« Robots tueurs ». Que seront les soldats de demain ?

Robots tueurs, que seront les soldats de demain ? par Brice Erbland

Le déploiement de l’intelligence artificielle au service de la défense suscite de nombreux débats sur l’emploi des systèmes d’armes létaux autonomes (SALA) ou « robots soldats », termes préférés à celui de « robots tueurs ». Brice Erbland – officier dans l’armée de Terre, pilote d’hélicoptère et auteur d’un témoignage de ses engagements « Dans les griffes du Tigre » – constate cependant que les discussions sont essentiellement d’ordre juridique et éthique, mais intègrent peu la dimension empirique du soldat. 

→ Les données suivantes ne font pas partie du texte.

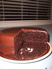 - Immediately 'frost' the cake with this, and make sure that there is quite a bit between the two layers of cake. The cake will need to be refrigerated to harden the fudge, so don't worry about its relatively liquid nature.
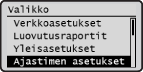 Aseta <Aikavyöhyke> ennen päivämäärän ja ajan asettamista. Jos <Aikavyöhyke>-asetusta muutetaan, nykyinen päivämäärä ja aika muuttuvat vastaavasti.
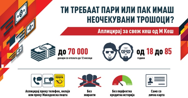 М KЕШ, водечката финансиска институција од овој тип во Македонија го олесни пристапот до кредити со тоа што ја зголеми старосната граница на кредитобарателите на 85 години, ги намали критериумите за аплицирање со тоа што сега не е потребен договор за неопределено вработување, воедно и го олесни начинот на аплицирање и понуди најбрзо одобрување на крeдит. Затоа М КЕШ нуди модерна, достапна и иновативна финансиска услуга, нешто што досега го немаше на нашиот пазар. Секој од вас може да аплицира за износ од 3.000 до 70.000 денари за потребите на вашите домаќинствата, неочекувани трошоци, како и за пазарување. А аплицирањето не било никогаш полесно – аплицирајте единствено со лична карта на телефон или онлајн, а кредитот се одобрува за 5 минути. Сѐ ова е дел од иновативниот пристап на М КЕШ, пристап кој им овозможи да станаат лидери на овој пазар во Македонија.

« …ni le philosophe ni le programmeur ne connaissent le combat… Or, l’éthique du combat requiert une part empirique pour être complètement appréhendée. » 

Avec le développement et l’utilisation présupposés de SALA, Brice Erbland lance une réflexion sur la question du comportement humain au combat et son équivalent en robotique militaire, pour accompagner au mieux cette évolution en cours. En s’appuyant sur son expérience opérationnelle, l’auteur s’attache à déterminer si ces systèmes seront seulement capables de remplacer ou à défaut d’accompagner les soldats humains en opérations. 

L’emploi du SALA en accompagnement des soldats 

Dans la première partie de son ouvrage, Brice Erbland défend l’utilisation du SALA en accompagnement de soldats humains. La notion « d’acceptabilité morale du combat est basée sur la réciprocité du danger assumée par les combattants : le pouvoir de donner la mort exige le risque de mourir en retour ». Il insiste également sur la nécessité d’inclure le robot soldat dans un contexte opérationnel fait de décisions humaines. En effet, la planification et la conduite des opérations seront avant tout décidées par un état-major. Les ordres qu’elle recevra seront réfléchis par un chef tactique qui devra envisager tous les cas non-conformes. 

Émotions vs algorithmes : analyse comparative du soldat et du SALA

Brice Erbland poursuit sa réflexion avec l’étude des vertus et faiblesses du combattant et leur équivalent pour un SALA. Un robots soldats pourra paraître moralement plus stable qu’un homme, puisqu’il sera dépourvu de vengeance et des effets négatifs de la distanciation. Néanmoins, le discernement émotionnel, une qualité développée chez le soldat humain au cours de la guerre, ne peut être programmé. C’est sur cette dernière vertu que l’auteur établit la principale différence entre l’homme et la machine. 

Programmation d’une éthique artificielle 

Dans la troisième partie, l’auteur explique le processus de prise de décision humain pour ensuite proposer un module de raisonnement éthique et artificiel du SALMA (système d’arme létal moralement autonome). Une partie davantage technique pour énoncer la complexité pour les ingénieurs de traduire en logiciel les capacités émotionnelles du soldat humain. 

Éclairer l’innovation de défense par des idées nouvelles 

Dans le contexte d’anticipation des menaces du futur, la dernière partie de l’ouvrage sur « Ce que nous apprends la littérature », souligne l’intérêt de la science-fiction dans la définition d’opérations prospectives. Naturellement, celle-ci fait écho à la création de la « Red Team » – cellule composée de futurologues et auteurs de science-fiction – dont l’objectif est d’orienter les efforts d’innovation en imaginant des solutions permettant de se doter de capacités disruptives. 

Brice Erbland offre un ouvrage où expérience professionnelle, approche technique et réflexion éthique se combinent pour offrir une analyse structurée, instructive et pertinente. Un sujet auquel il vaut mieux réfléchir plutôt que s’y opposer par principe en vue de :

  • tenter dès aujourd’hui de fixer les limites nécessaires pour que de tels systèmes soient utilisables,
  • anticiper toutes les dérives possibles que certains pourraient vouloir exploiter 
  • être capable de discerner le juste besoin militaire. 

L’auteur termine, in fine, en exprimant quelque réserve personnelle : 

« Je reste intimement convaincu des limites éthiques à fixer à l’emploi de ces machines, et j’avoue penser au fond de moi qu’il serait préférable de ne pas les créer. »

Je conseille la lecture de cet ouvrage a tous ceux qui souhaitent comprendre les enjeux de l’innovation dans la défense basés sur l’expérience opérationnelle. Un sujet que je développe également dans le cadre de ma thèse professionnelle axée sur l’accompagnement et l’intégration d’une innovation garante de l’expérience utilisateur (UX) du fantassin.